POSTECH EPIC Lab

Welcome to EPIC LAB at POSTECH EE

Embedded Processor & Intelligent Computing (EPIC) LAB is a research group in the department of Electrical Engineering at Pohang University of Science and Technology (POSTECH), Pohang, Korea. With enthusiastic members, EPIC LAB enables the optimized HW/SW building blocks in modern application-specific embedded processors for various intelligent computing workloads. 

Our research interests cover cross-disciplinary topics including algorithms, architectures, and system-on-chip (SoC) designs. Currently, we are focusing on developing the advanced deep learning processor for on-device AI processing, the high-performance baseband processor for next-generation communications, and the energy-optimized IoT platform for human-centric applications.


Latest News

[2025/01] Our paper entitled "AMC: Adaptive mixed compression for ML models based on block-wise sensitivity," has been accepted for presentation at the 2025 IEEE International Symposium on Circuits and Systems (ISCAS 2025).

[2025/01] Our research on the ML-based demosaicing algorithm has recieved the Best Poster Award at the 7th Annual Winter Conference of ISE.
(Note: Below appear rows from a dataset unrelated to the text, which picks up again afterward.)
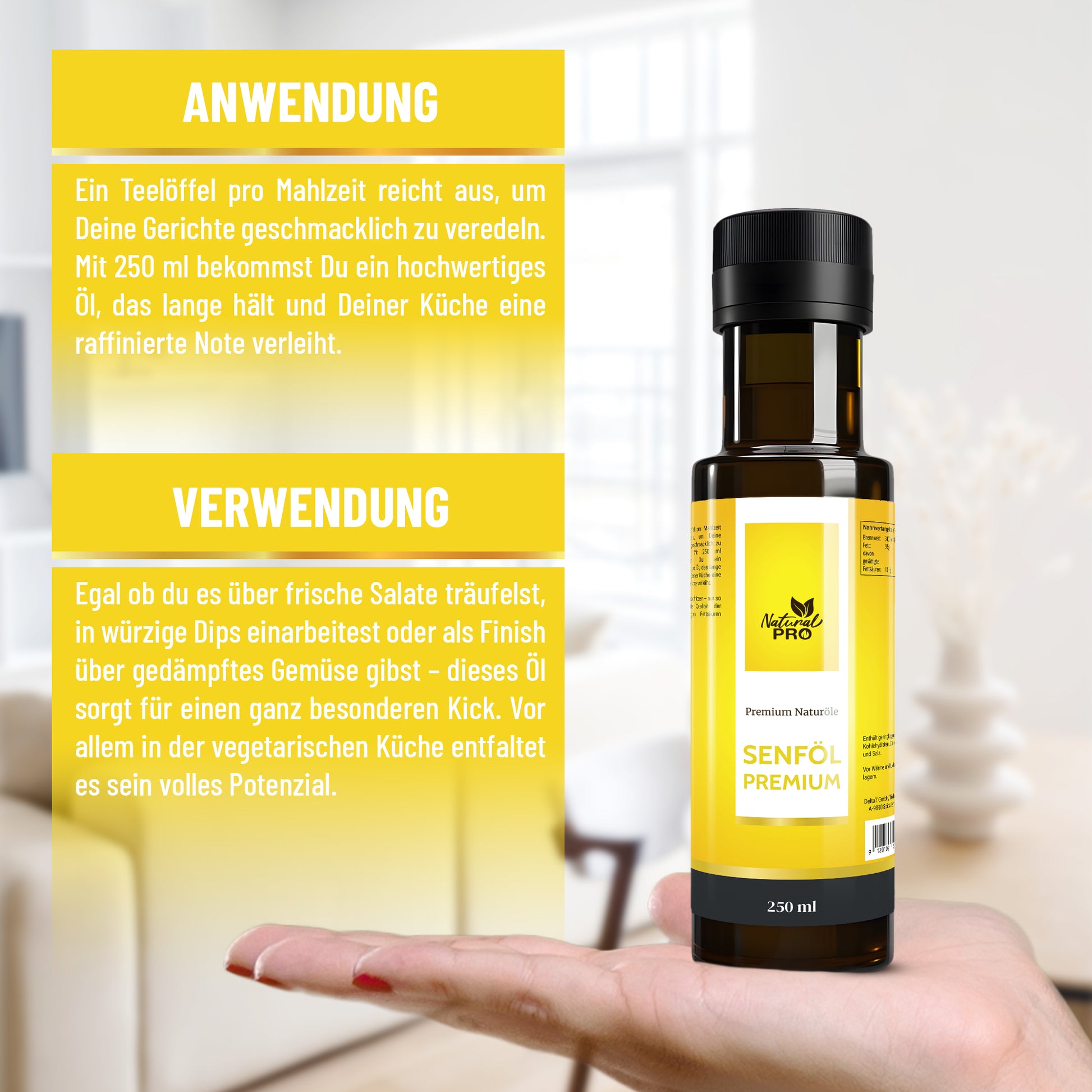 Wenn Du auf der Suche nach einem besonderen, würzigen Öl bist, das nicht nur Geschmack, sondern auch Qualität liefert – dann ist das Senföl Premium genau das Richtige für Dich!
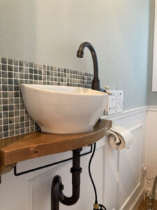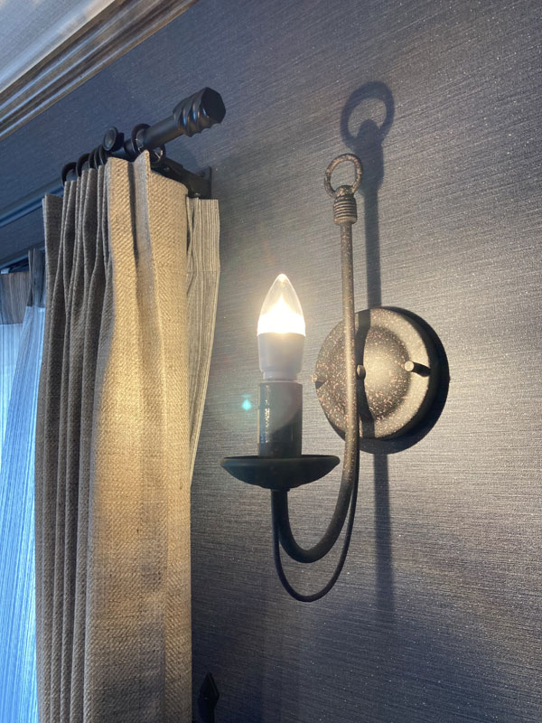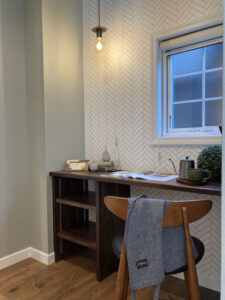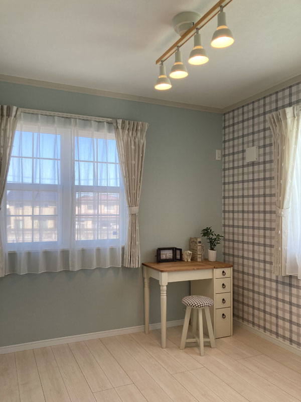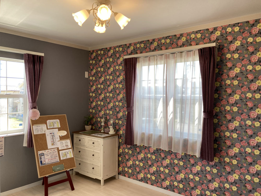 壁面の一角には、ウィリアムモリスのいちご泥棒の壁紙を配して、おしゃれな装い。
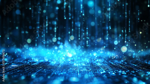 Obraz premium Abstract blue background with falling light particles and circuit board...
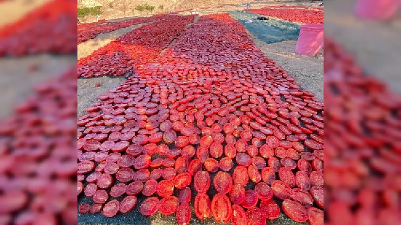 Malatya’nın Kuluncak ilçesine bağlı Kaynarca Mahallesi’nde doğal yöntemlerle yapılan kurutmalıklar mahalleyi kırmızıya bürüdü.
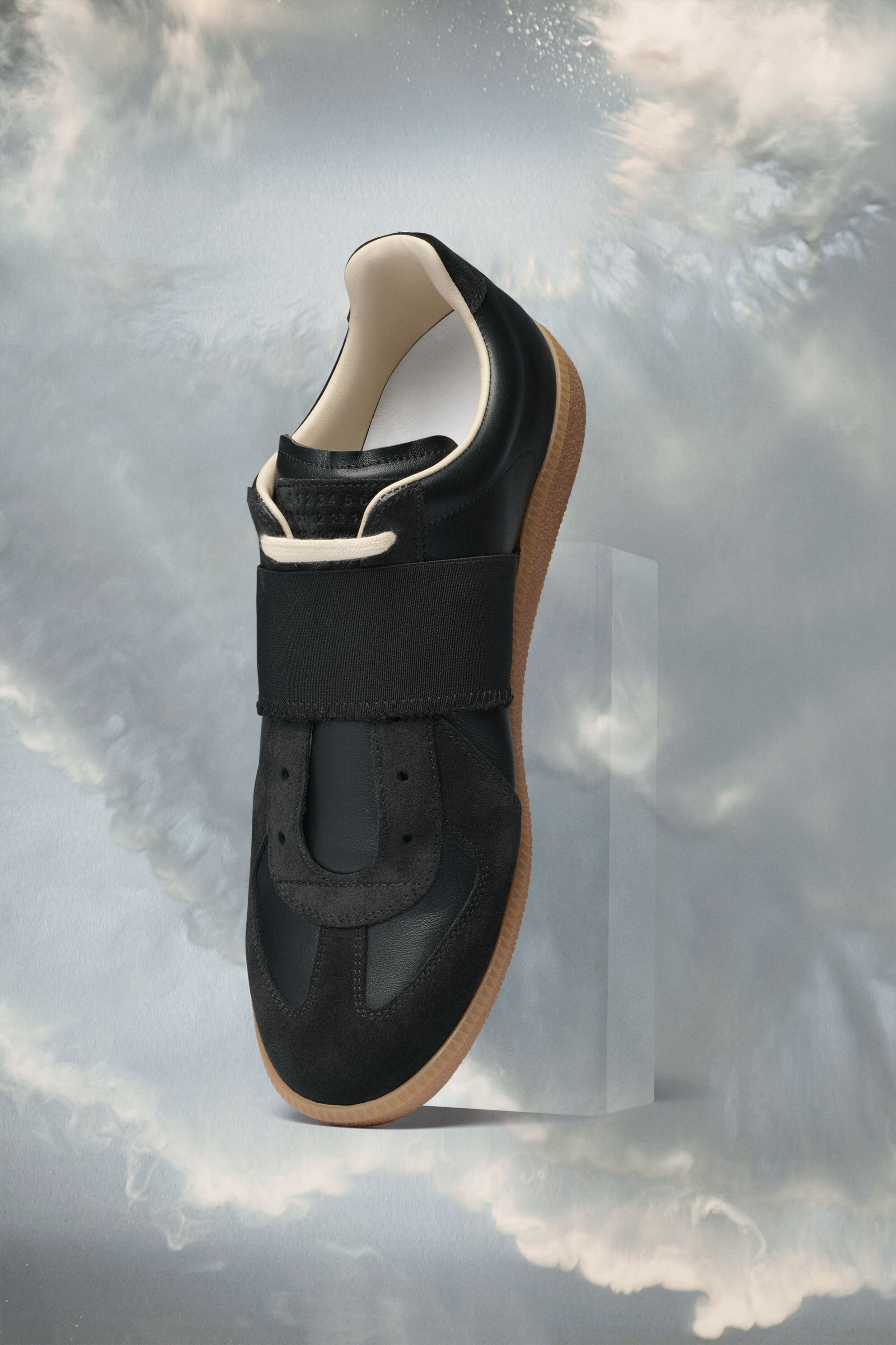 The Replica sneakers in calf leather and suede with a worn external elastic band and the iconic single stitch at the back. The Maison's Replica sneakers are inspired by Austrian sports shoes from the seventies. Details on the Replica pairs are continually reworked in line with the season's inspirations. Product Details Item ID S97WS0078P6843H9966 Upper: 100% calf leather Contrast: 100% calf leather Lining: 100% cotton Sole: 100% rubber Sneakers in smooth leather and suede leather Contrasting sole External elastic band with worn treatment Maison Margiela logo label on the tab White stitching at the back Internal Replica label All-over Maison Margiela logo insole Clean with a gentle leather cleanser Made in Italy A digital certificate provided by the Aura Blockchain Consortium guarantees the authenticity of this product. Discover more on auraluxuryblockchain.com/#about
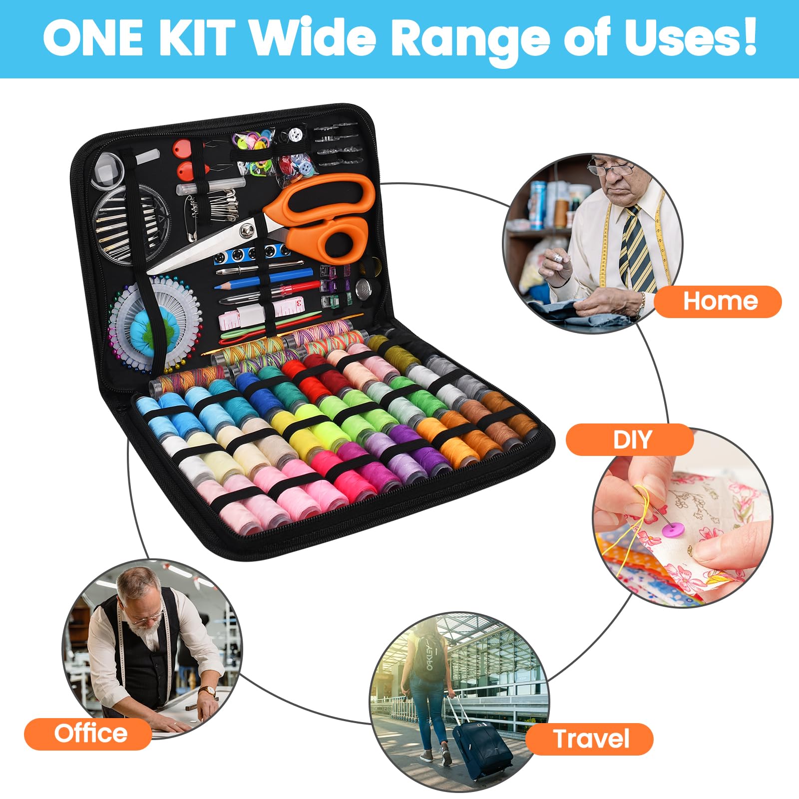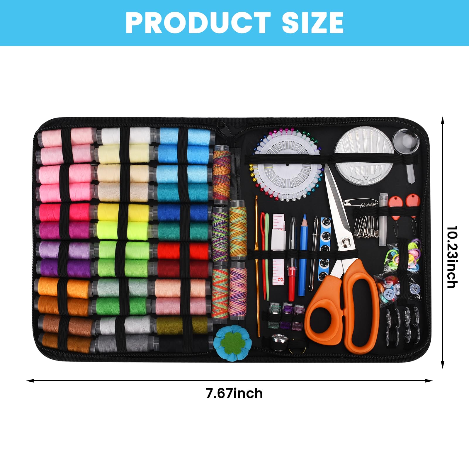 Łatwy do przenoszenia:: Łatwy do przenoszenia: wszystkie akcesoria do szycia są umieszczone w kompaktowym pudełku zapinanym na zamek, które jest kompaktowe i nie poluzowuje się. Lekki, łatwy do przenoszenia i przechowywania. Można ją zabrać ze sobą w podróż, w podróż służbową, nawet na każdą okazję (taką jak bankiety, impr
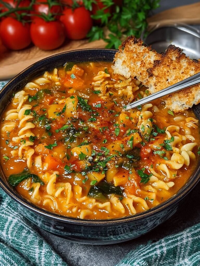 Dive into this cozy soup! We build a rich soffritto base, simmered 20 minutes with crushed San Marzano tomatoes, creating intense Italian flavor. Ruffled noodles capture every drop.
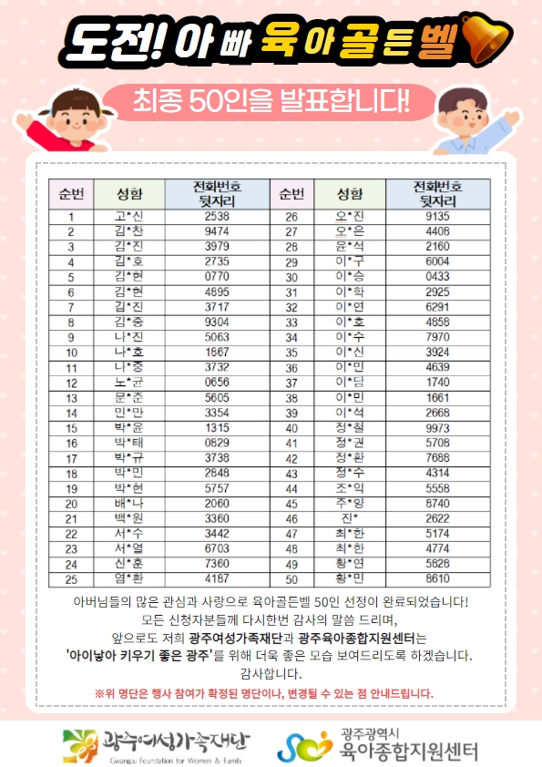 여러분들의 많은 관심과 사랑으로 도전! 아빠 육아 골든벨 참가자 50인 선정이 완료되었습니다.

[2024/12] Our paper entitled "Energy-efficient flexible RNS-CKKS processor for FHE-based privacy-preserving computing" has been accepted for publication in the IEEE Journal of Solid-State Circuits.

[2024/11] Our paper entitled "High-performance and low-complexity multi-touch detection for variable ground states" has been accepted for publication in the IEEE Sensors Journal.

[2024/11] Our paper entitled "FIGLUT: An energy-efficient accelerator design for FP-INT GEMM using look-up tables" has been accepted for presentation at the 2025 IEEE International Symposium on High-Performance Computer Architecture (HPCA 2025).

[2024/11] Our paper entitled "Panacea: Novel DNN accelerator using accuracy-preserving asymmetric quantization and energy-saving bit-slice sparsity" has been accepted for presentation at the 2025 IEEE International Symposium on High-Performance Computer Architecture (HPCA 2025).

[2024/10] Our paper entitled "mDARTS: Searching ML-based ECG classifiers against membership inference attacks" has been accepted for publication in the IEEE Journal of Biomedical and Health Informatics.